Brand Naming Strategies

Not all great brands start with great names. Some great product and company names are the result of great brand experiences – promises made and successfully delivered. Sure, a great brand experience can transform an otherwise subpar name. But why start off with the process of naming your brand with one hand tied behind your back? Some names are a just a little extra awesome, right out of the gate.
Determining how to choose a brand name for your company is an important opportunity to differentiate your brand and create an authentic and consistent connection with your most desired audiences.
The process is important. A hundred monkeys and a handful of darts just might get the job done, but you’ll thank yourself later with a framework for navigating one of the most important decisions that you will make in your business. Your name will stay with you a long time. Changing it will be painful, so make sure that it’s infused with potential.
Check Your Gut at the Door When Naming Your Brand
It’s easy to fall in love with a name because of its comfort, beauty or rhythm. Don’t get married right away. A name that you desire, right off the bad might be too good to be true. Its’ familiarity might actually be an existing brand that’s been taking up space in your subconscious. Or you might stumble onto a name that has pleasing connotations, but someone else might take offense. It’s important to get feedback and to consider deeper meanings and associations with your name to ensure that it’s a fit with your culture and strategies.
The Purpose of Your Brand Name
An effective brand name elicits an instantaneous reaction, the desired perception or a feeling. A great brand name might make you smile.
Start with a Competitive Evaluation: If you’re going to pick a place to plant your flag, you’ll need to survey the surrounding landscape and decide where you can best compete. Try to group the various leading brands within your category into 3-5 logical groups.

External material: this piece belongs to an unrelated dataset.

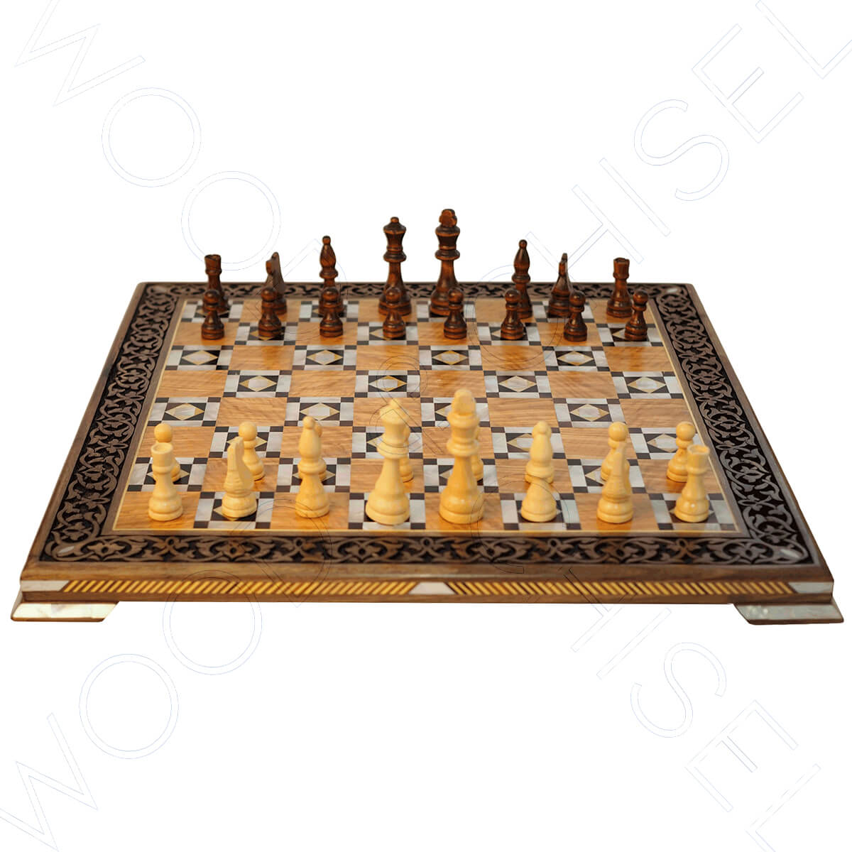 Step into a realm of elegance with this unique chessboard, handcrafted from solid, dark, and exclusive walnut wood. The 64 fields are a stunning combination of shiny mother of pearl and olive wood, creating a mesmerizing visual experience. A majestic and beautifully carved frame surrounds the match field, showcasing the meticulous artistry of the best artisan in old Damascus. Each step of the production is a celebration of original handcraft art, ensuring that this chessboard is a masterpiece in its own right.

Select a Strategic Position: Identify a space that you can own. You may need to take over a space that’s currently occupied by a competitor or you might find some blue ocean in uncharted waters. Take into consideration that building a position anywhere in the market requires building an authentic brand that is both relevant and engaging to your customers, and delivers on its promise.
Build a Filter That Will Guide Your Decisions
It’s easy to get lost in the process of naming your brand, especially if you have no process. Selecting a guiding position and a set of requirements will help narrow the options and also free you to be innovative within the boundaries. Use as many categories as you like, but consider each one as a discrete variable with a spectrum of opposing vewpoints. Simply plot your choices along the spectrum. This simple technique will help provide some checks and balances as you move forward to create your brand name.

Naming Your Brand, Top Conventions

Functional or Descriptive Names: Brand names used to describe or educate the customer about the functions of a company. Although descriptive names are common and useful, they are “me-too” names and lack the emotional resonance of more evocative options. Brands are usually expressed through the context surrounding their name.
Invented Names: Based on poetic rhythm or visual appearance (OREO), latin or greek roots (Sony, Volvo, Xerox), mashup words, or names that are derived by creating unusual contexts such as (Adobe Software), or even omitting letters or syllables (FedEx, Razr). These names are relatively easy to trademark, but require more education and exposure to the brand. Customers don’t always get it. Inspiration: Try Wordoid to find brand name ideas that are invented based on visual patterns or tone.
Experiential Names: These names describe the literal experience of the product. They are typically easy to understand by the customer. Experiential names typically work well when brands enter a new category. (Think Vaping). As the category becomes increasingly crowded, experiential names are less effective at differentiating a brand.
Aspirational & Evocative Names: Are used to express the positioning of the company, rather than the function of its product(s). Evocative names work on multiple levels. They are typically metaphors for the aspirations of the brand (Virgin, Pandora, Apple).
Need a little More Inspiration in Naming Your Brand?
Visual Thesaurus: a wildly visual online thesaurus and dictionary engine that helps you explore word variations through an innovative branching interface. It’s the IMDB or Pinterest of thesauruses and can be very useful when naming your brand.
Forbes Most Valuable Brands: A compendium of the top 100 most valuable brands.
Make Sure You’re In the Clear
Stop here. Make sure that you don’t go any further in naming your brand without clearing your name against the USPTO database or a resource like Trademarkia to make sure that you can protect your name and that you have not infringed on a competitor’s intellectual property when naming your brand.
Get Feedback
Invite feedback from an audience of prospective customers, partners, and influencers as a part of your brand naming strategy. Evaluate their perceptions of the name, how it sounds and what it means. Don’t pass go without some input from outside your organization. You’ll thank yourself later.